What is needed is a word-for-word transcript of the listing, free of pictures.

Supplied material -
::::
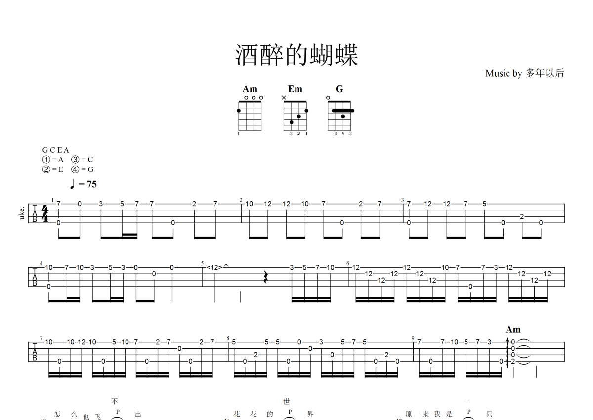 《酒醉的蝴蝶》是崔立伟演唱的一首歌曲,本尤克里里谱采用的是C调指法编配,这份尤克里里谱共有两张高清图谱,图谱由 @大狼指弹 编配上传,图谱使用四线谱编配,包含尤克里里和弦指法、简谱以及歌词部分,曲谱配备了相关的音频提供试听,使用这份酒醉的蝴蝶尤克里里谱,可以让你更加方便地掌握这首歌曲的弹唱技巧,快来尝试吧。《酒醉的蝴蝶》尤克里里指弹独奏谱。
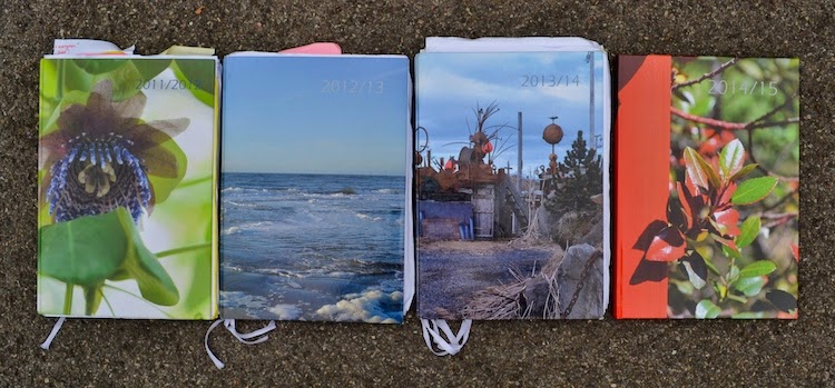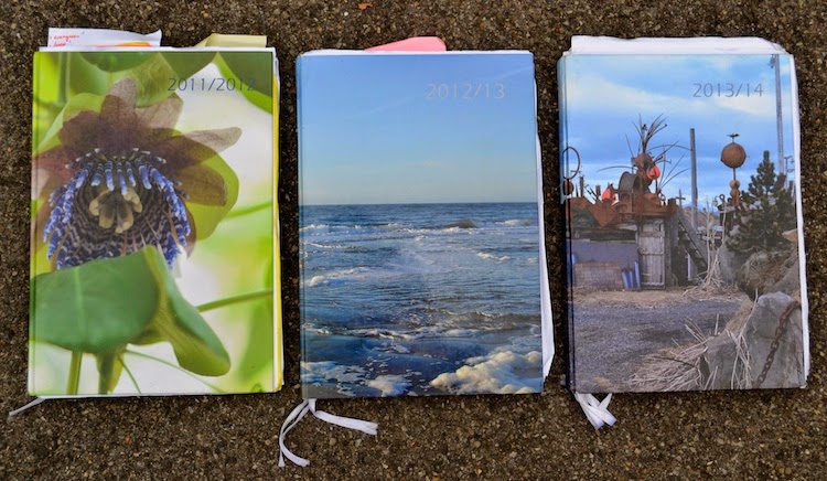 Drei Kalender-Notizbücher haben mich inzwischen drei Schuljahre begleitet und mich mit dem Umschlagfoto an schöne Momente erinnert:
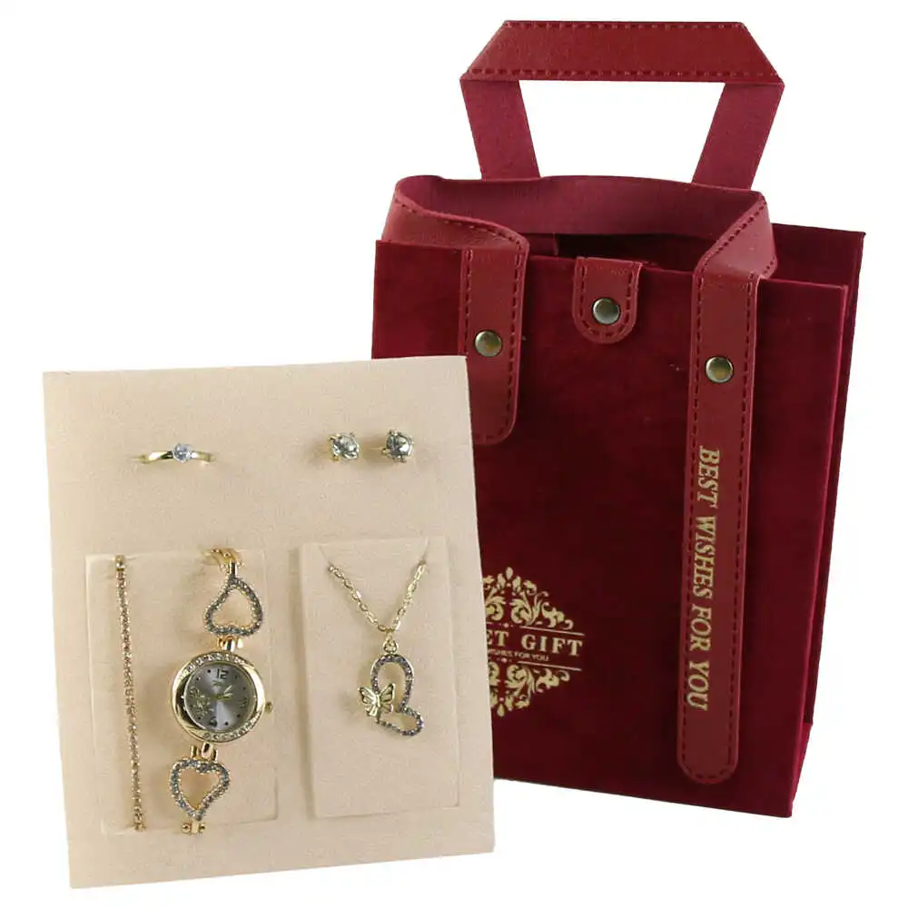 Set cadou pentru femei 5 piese – Bratara, ceas, inel, colier, cercei „Best wishes for you”
::::
Solution to this task -
 《酒醉的蝴蝶》是崔立伟演唱的一首歌曲,本尤克里里谱采用的是C调指法编配,这份尤克里里谱共有两张高清图谱,图谱由 @大狼指弹 编配上传,图谱使用四线谱编配,包含尤克里里和弦指法、简谱以及歌词部分,曲谱配备了相关的音频提供试听,使用这份酒醉的蝴蝶尤克里里谱,可以让你更加方便地掌握这首歌曲的弹唱技巧,快来尝试吧。《酒醉的蝴蝶》尤克里里指弹独奏谱。
 Drei Kalender-Notizbücher haben mich inzwischen drei Schuljahre begleitet und mich mit dem Umschlagfoto an schöne Momente erinnert:
 Set cadou pentru femei 5 piese – Bratara, ceas, inel, colier, cercei „Best wishes for you”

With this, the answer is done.